Description of the task ▸
Only one span of the material below is wanted. Output it exactly, from the line with "These hiker boots" through the line with "Text fields and", without any pictures.

Records ▸
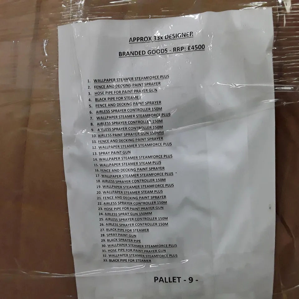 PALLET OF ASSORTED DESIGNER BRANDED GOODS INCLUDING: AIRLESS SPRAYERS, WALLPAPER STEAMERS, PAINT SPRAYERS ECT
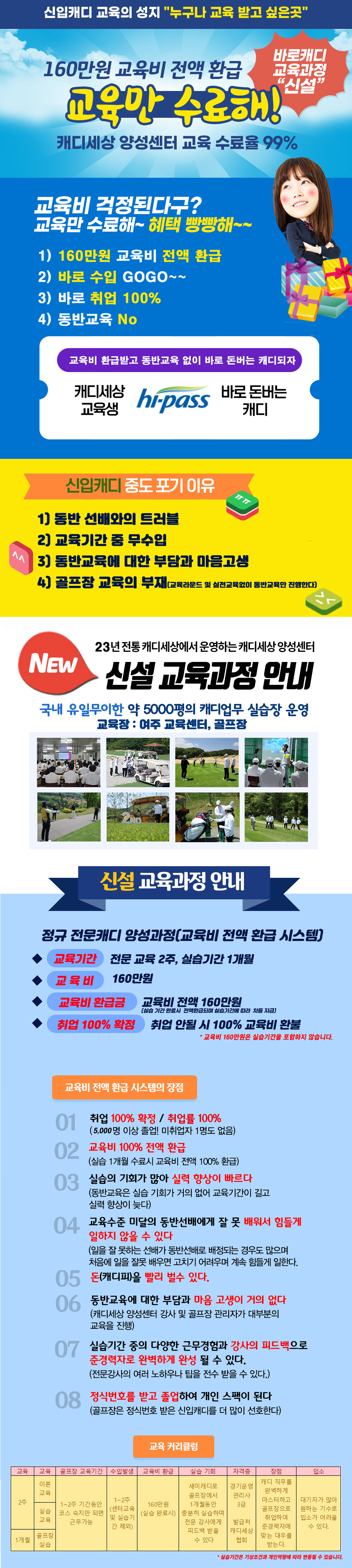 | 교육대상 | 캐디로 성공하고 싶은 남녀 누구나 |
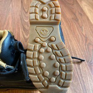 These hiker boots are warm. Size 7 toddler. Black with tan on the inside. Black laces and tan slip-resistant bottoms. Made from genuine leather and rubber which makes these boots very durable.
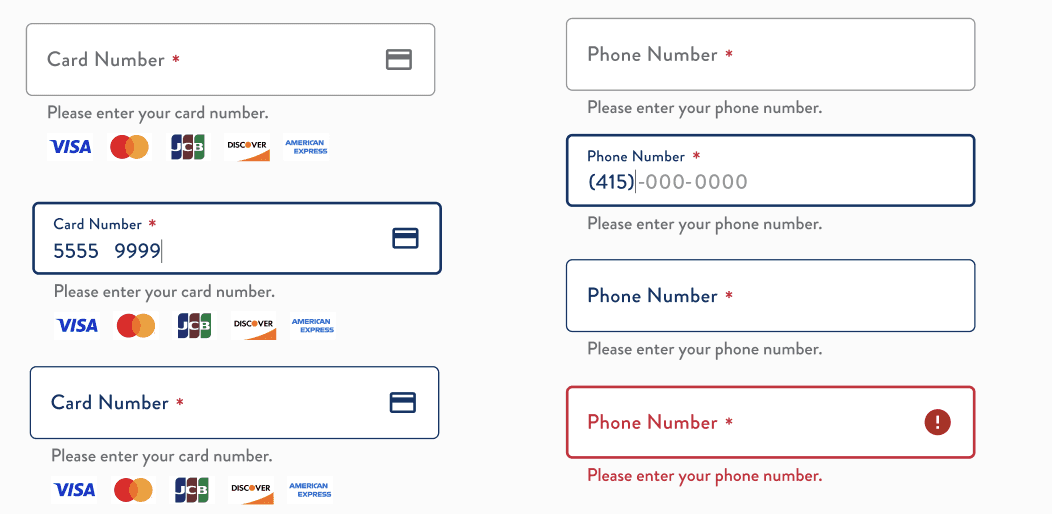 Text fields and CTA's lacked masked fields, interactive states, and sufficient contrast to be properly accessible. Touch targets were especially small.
==
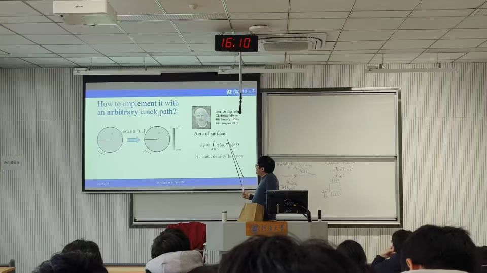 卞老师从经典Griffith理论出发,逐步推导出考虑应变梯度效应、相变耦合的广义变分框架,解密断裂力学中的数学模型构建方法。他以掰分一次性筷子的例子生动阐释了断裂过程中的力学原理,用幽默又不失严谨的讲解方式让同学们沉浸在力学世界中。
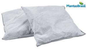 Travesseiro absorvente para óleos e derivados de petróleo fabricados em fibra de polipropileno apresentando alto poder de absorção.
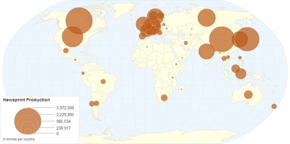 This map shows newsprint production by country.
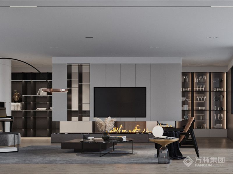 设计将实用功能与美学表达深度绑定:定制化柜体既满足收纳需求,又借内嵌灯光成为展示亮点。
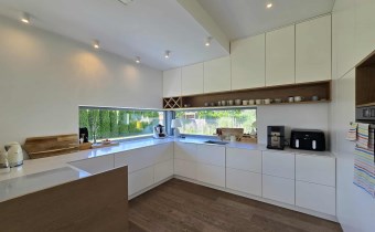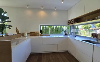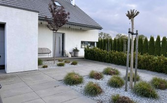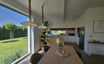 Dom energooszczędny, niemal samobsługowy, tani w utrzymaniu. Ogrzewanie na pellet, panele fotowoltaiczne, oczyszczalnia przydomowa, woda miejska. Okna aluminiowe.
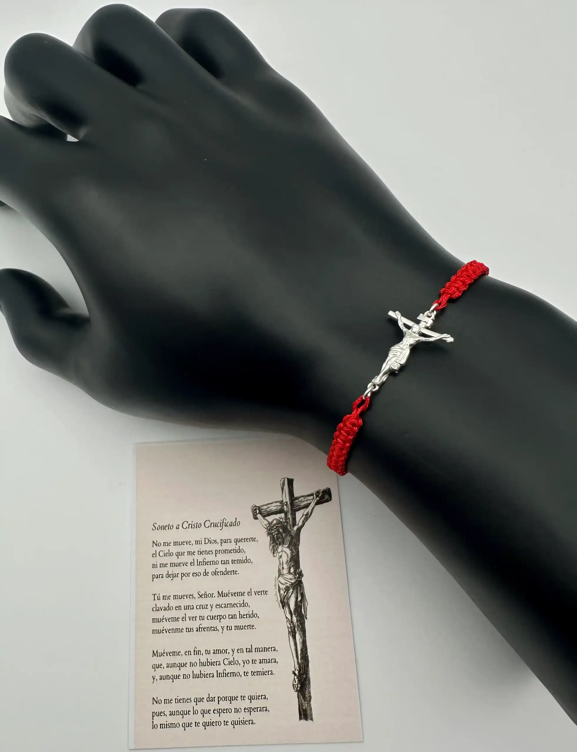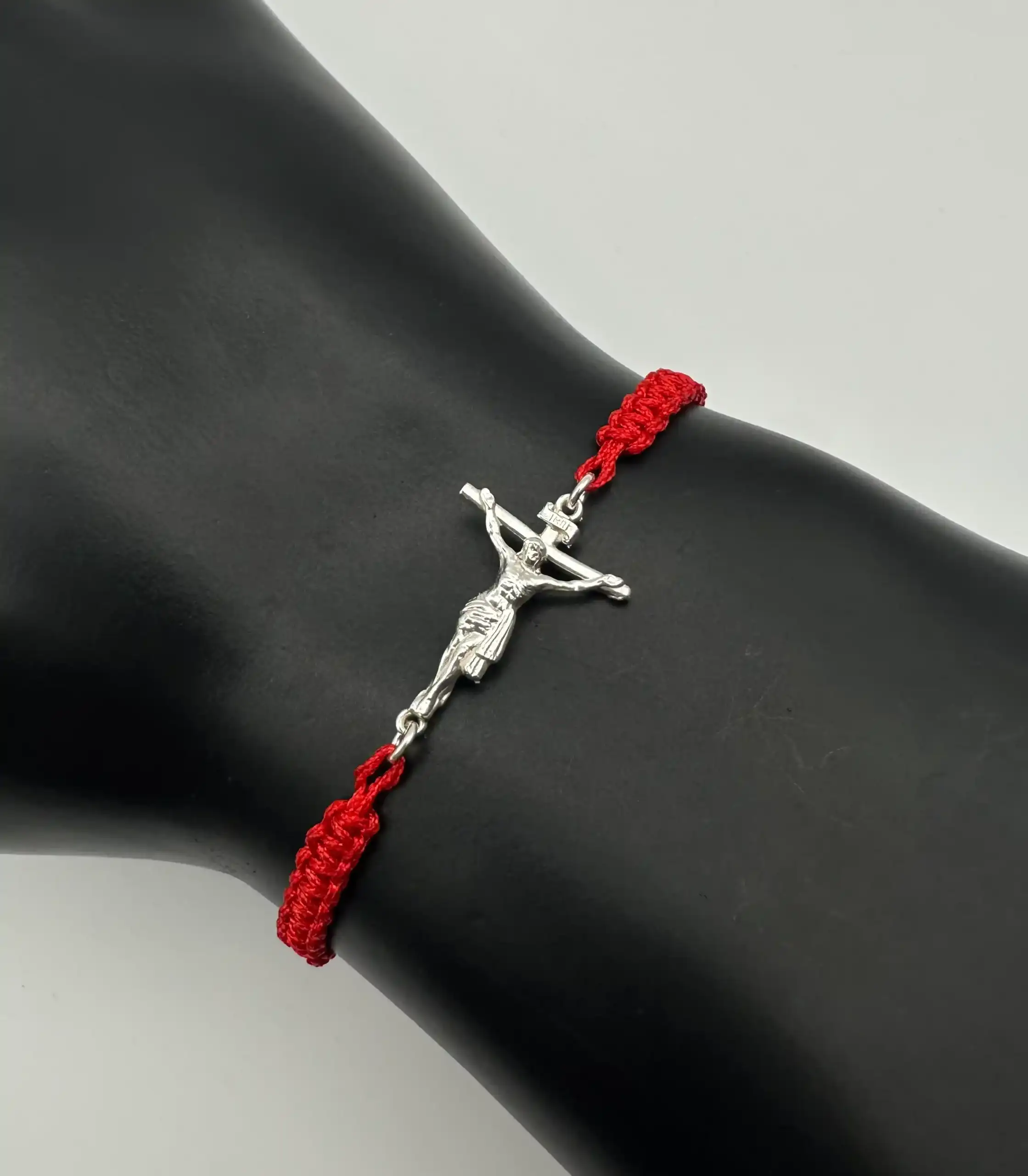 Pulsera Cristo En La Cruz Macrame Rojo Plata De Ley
...
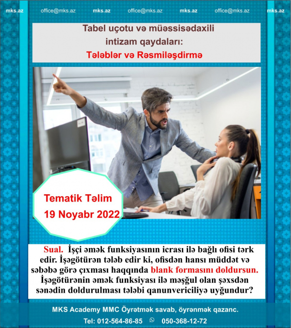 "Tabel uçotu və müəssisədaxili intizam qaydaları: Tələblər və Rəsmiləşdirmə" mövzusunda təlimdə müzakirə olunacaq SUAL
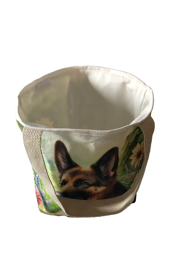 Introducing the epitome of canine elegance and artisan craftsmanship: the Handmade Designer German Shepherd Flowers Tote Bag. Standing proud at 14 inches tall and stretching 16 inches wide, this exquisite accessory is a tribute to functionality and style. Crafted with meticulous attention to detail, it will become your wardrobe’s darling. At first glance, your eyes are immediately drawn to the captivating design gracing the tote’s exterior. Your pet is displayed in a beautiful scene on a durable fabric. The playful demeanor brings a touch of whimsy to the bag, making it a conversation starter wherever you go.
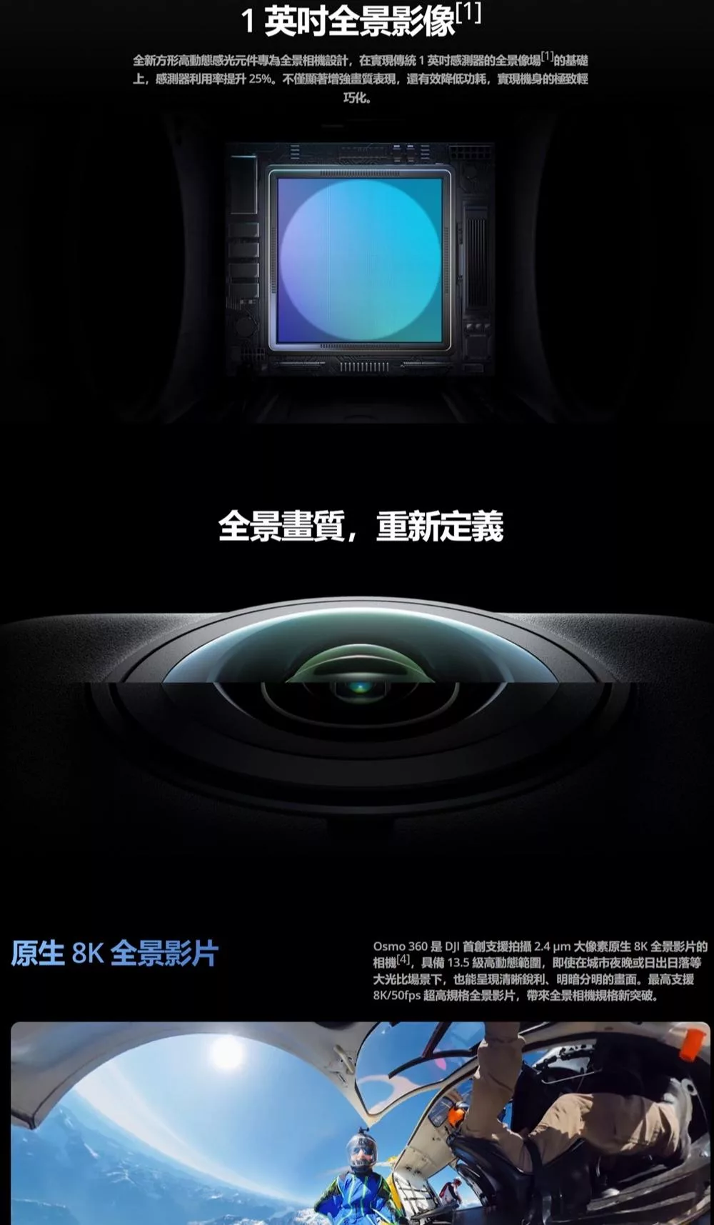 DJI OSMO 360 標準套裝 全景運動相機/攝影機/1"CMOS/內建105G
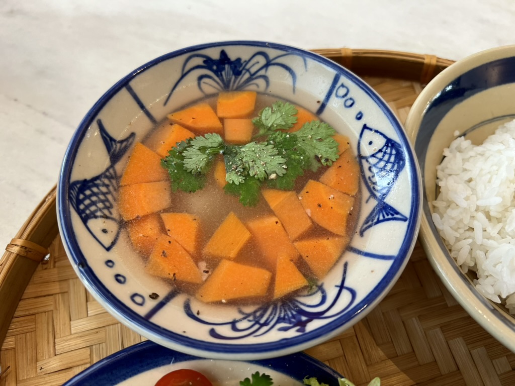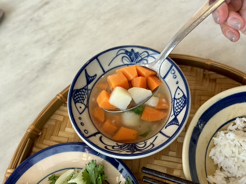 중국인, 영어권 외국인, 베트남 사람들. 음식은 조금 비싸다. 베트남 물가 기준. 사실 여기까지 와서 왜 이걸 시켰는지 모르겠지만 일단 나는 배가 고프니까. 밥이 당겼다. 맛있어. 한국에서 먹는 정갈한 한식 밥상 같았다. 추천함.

Solved problem ▸
 These hiker boots are warm. Size 7 toddler. Black with tan on the inside. Black laces and tan slip-resistant bottoms. Made from genuine leather and rubber which makes these boots very durable.
 Text fields and CTA's lacked masked fields, interactive states, and sufficient contrast to be properly accessible. Touch targets were especially small.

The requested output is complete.